## BRIEF
Within the records below, repeat each line exactly but keep every picture out of the copy.

##### DATA TO USE

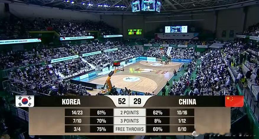 中国男篮vs韩国男篮 第一节只得到13分,落后韩国队15分,这是只少了一个赵睿的
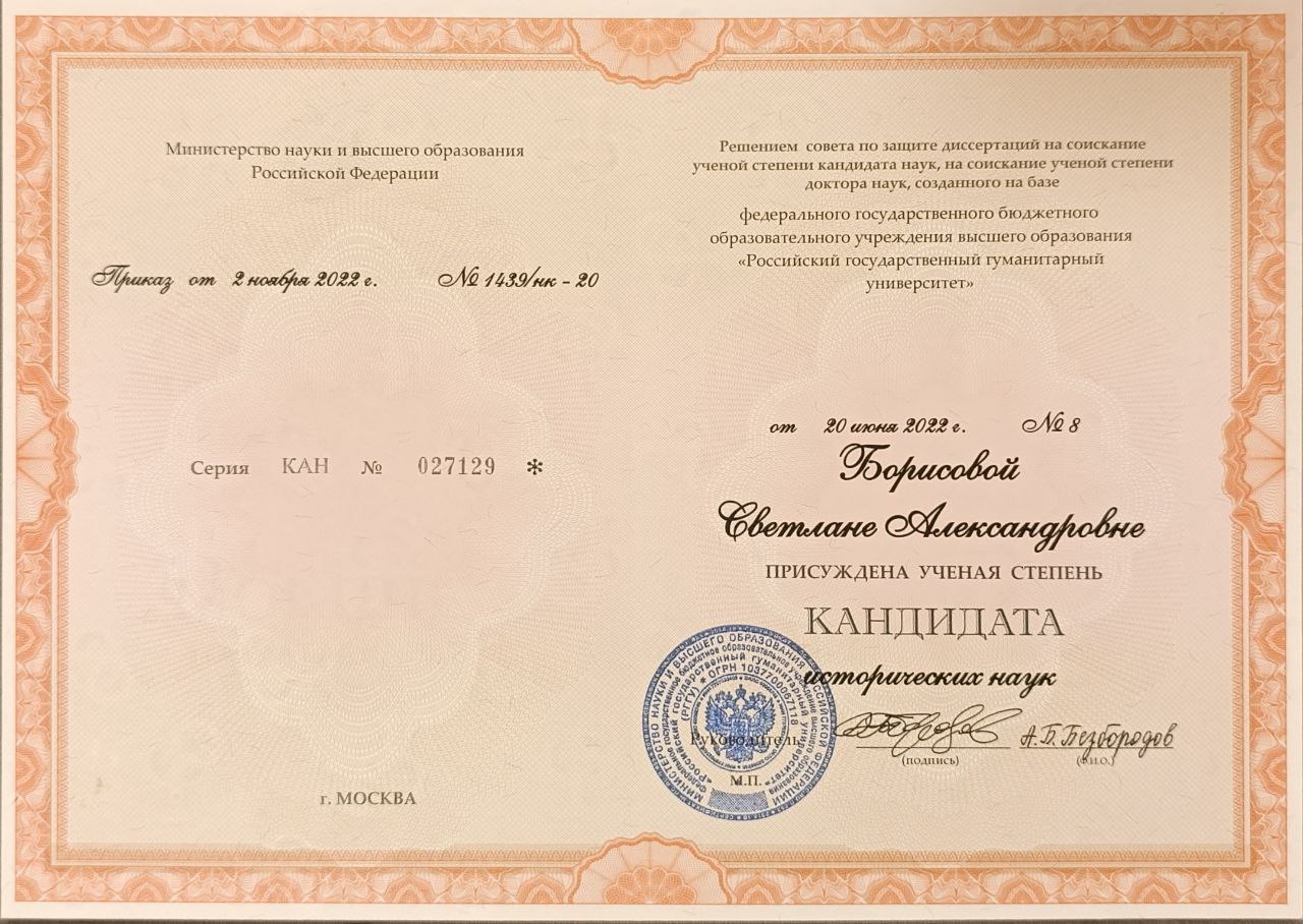 Образование: РГГУ (2022) - получение степени к.и.н., окончание аспирантуры.
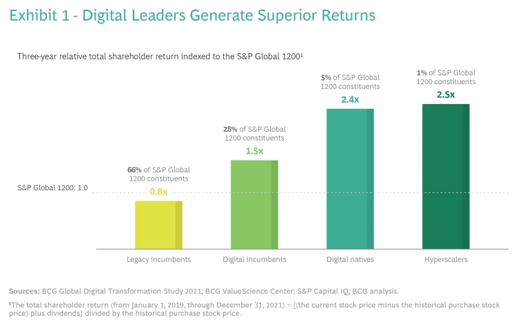 The successful companies of the future will follow the lead of hyperscalers and many digital natives by building digital capabilities—both human and technological—to become what we call bionic. Along the way, they will deliver superior innovation and performance. For the three years ending on December 31, 2021, hyperscalers generated returns that were 2.5 times higher than those of the S&P 1200 as they benefited from high growth and low unit costs in huge high-growth markets, such as cloud services, search, and data-driven advertising. (See Exhibit 1.) Digital natives overall performed at a similar level, benefiting from high growth and the high multiples that investors awarded to the future growth prospects of their disruptive business models. Leading digital incumbents outperformed the S&P 1200 by about 50% as they used their digital capabilities to improve customer experience and productivity and began to focus on innovative revenue growth. Legacy incumbents—which struggled to drive growth and improve productivity, relying predominantly on traditional levers—underperformed the index.
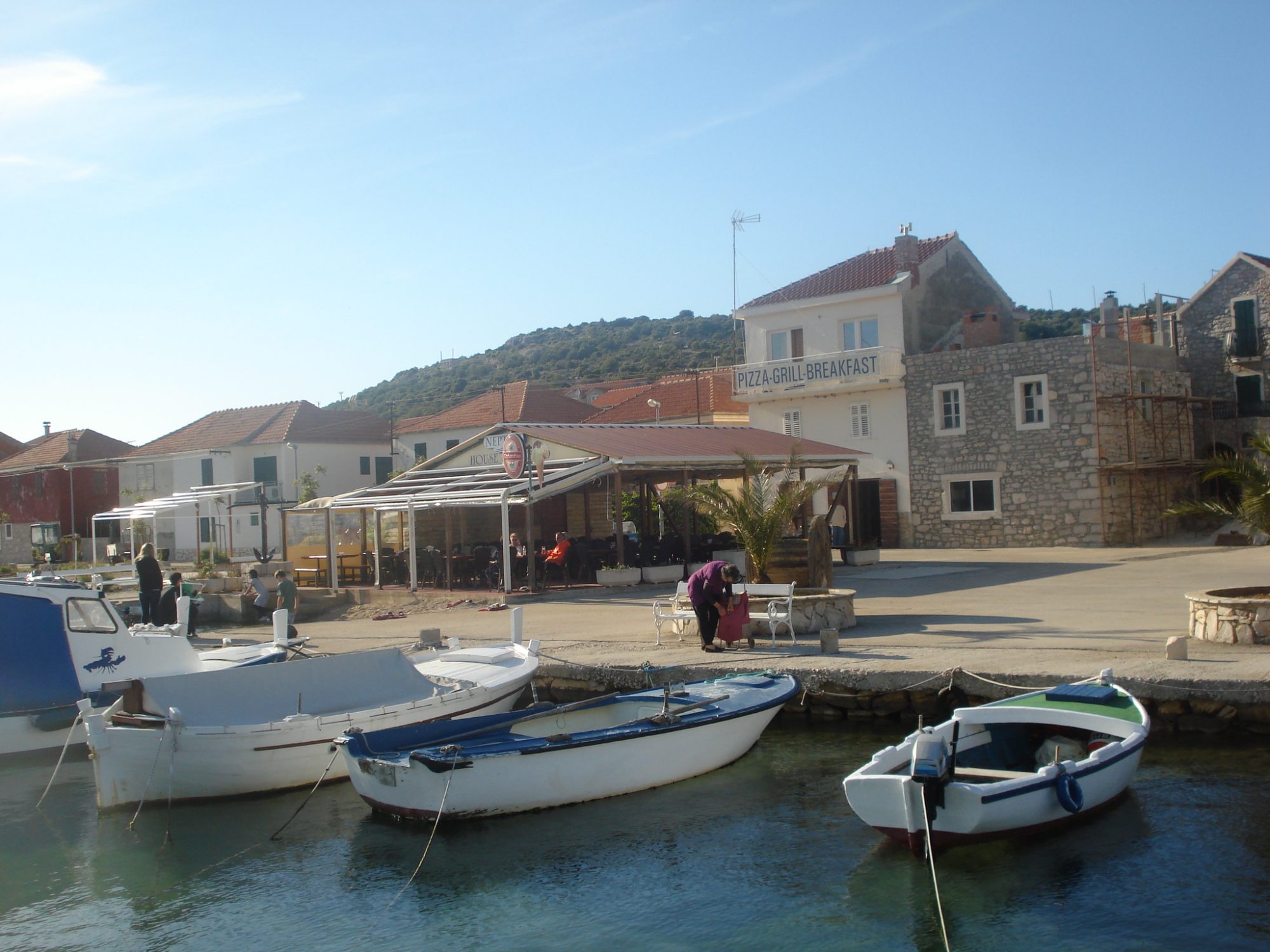Ko stopite s hitre ladje oz. trajekta nadaljujete pot s pomola naravnost v manjši klanec. Pot vas vodi mimo restavracije Kat, ogromnega naravnega zbiralnika vode ter mimo vaškega trga (z izobešeno zastavo). Tam se pot zoži in rahlo zavije. Apartmajska hiša Hoba d.o.o. se nahaja ravno na tem ovinku in sicer drugi vhod v trojčku hiš.
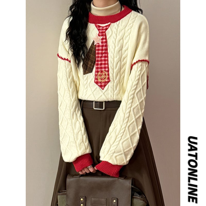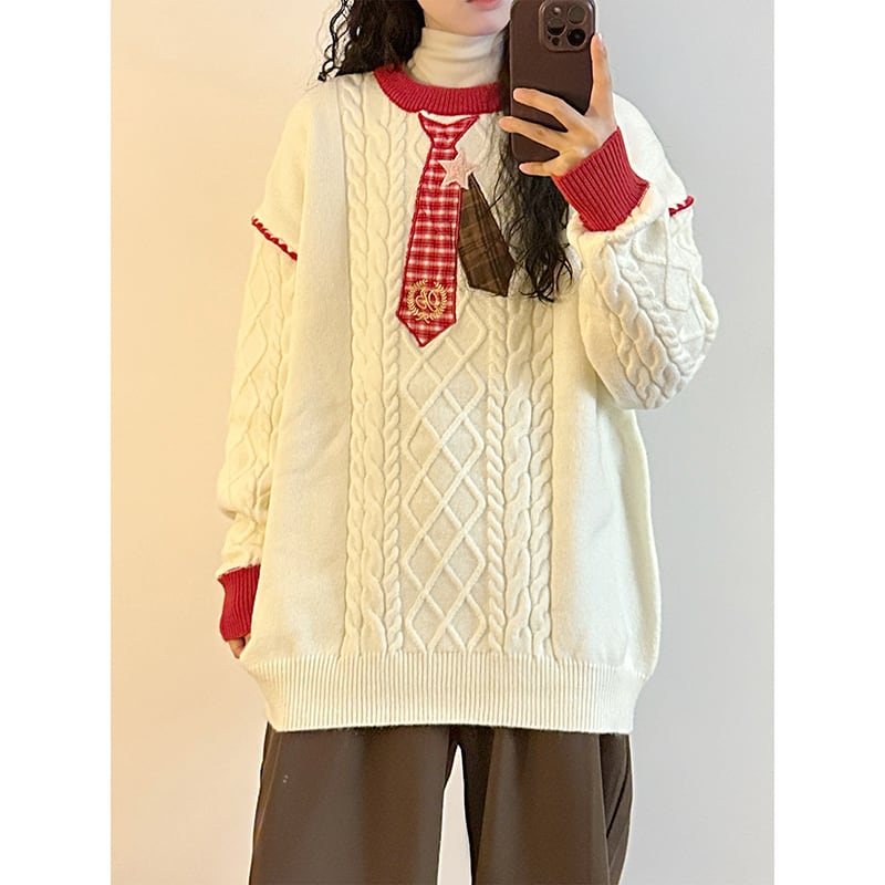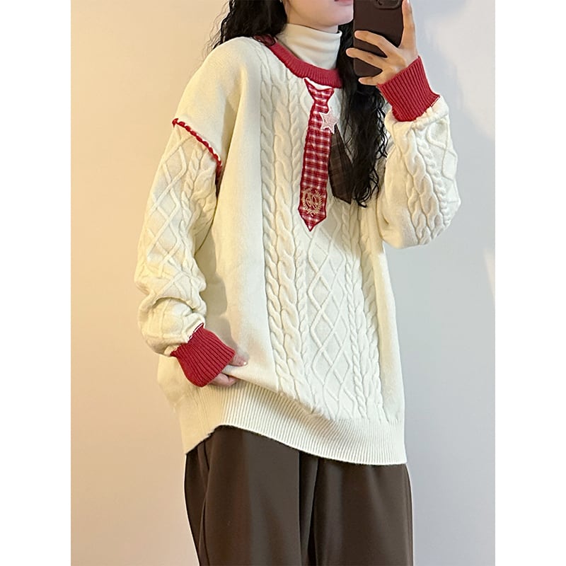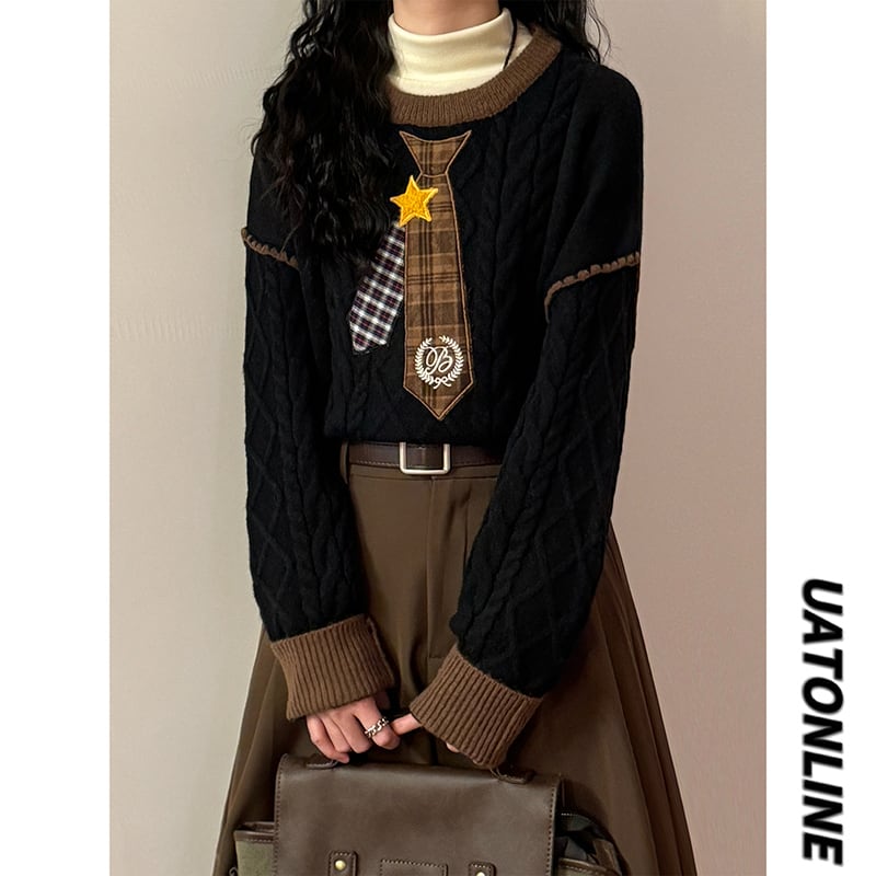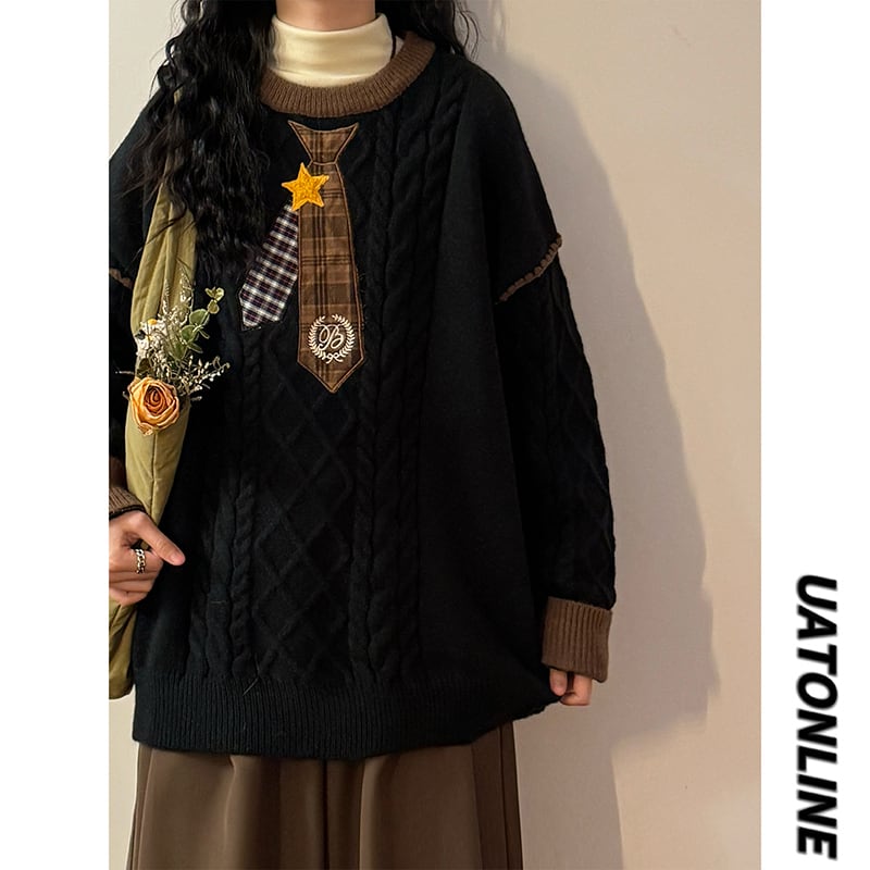 ♥ネクタイモチーフ配色セーター!【UATONLINEシリーズ】★セーター★ 2color ニットトップス レトロ

##########

## ANSWER TO THE EXERCISE
 中国男篮vs韩国男篮 第一节只得到13分,落后韩国队15分,这是只少了一个赵睿的
 Образование: РГГУ (2022) - получение степени к.и.н., окончание аспирантуры.
 The successful companies of the future will follow the lead of hyperscalers and many digital natives by building digital capabilities—both human and technological—to become what we call bionic. Along the way, they will deliver superior innovation and performance. For the three years ending on December 31, 2021, hyperscalers generated returns that were 2.5 times higher than those of the S&P 1200 as they benefited from high growth and low unit costs in huge high-growth markets, such as cloud services, search, and data-driven advertising. (See Exhibit 1.) Digital natives overall performed at a similar level, benefiting from high growth and the high multiples that investors awarded to the future growth prospects of their disruptive business models. Leading digital incumbents outperformed the S&P 1200 by about 50% as they used their digital capabilities to improve customer experience and productivity and began to focus on innovative revenue growth. Legacy incumbents—which struggled to drive growth and improve productivity, relying predominantly on traditional levers—underperformed the index.
Ko stopite s hitre ladje oz. trajekta nadaljujete pot s pomola naravnost v manjši klanec. Pot vas vodi mimo restavracije Kat, ogromnega naravnega zbiralnika vode ter mimo vaškega trga (z izobešeno zastavo). Tam se pot zoži in rahlo zavije. Apartmajska hiša Hoba d.o.o. se nahaja ravno na tem ovinku in sicer drugi vhod v trojčku hiš.
 ♥ネクタイモチーフ配色セーター!【UATONLINEシリーズ】★セーター★ 2color ニットトップス レトロ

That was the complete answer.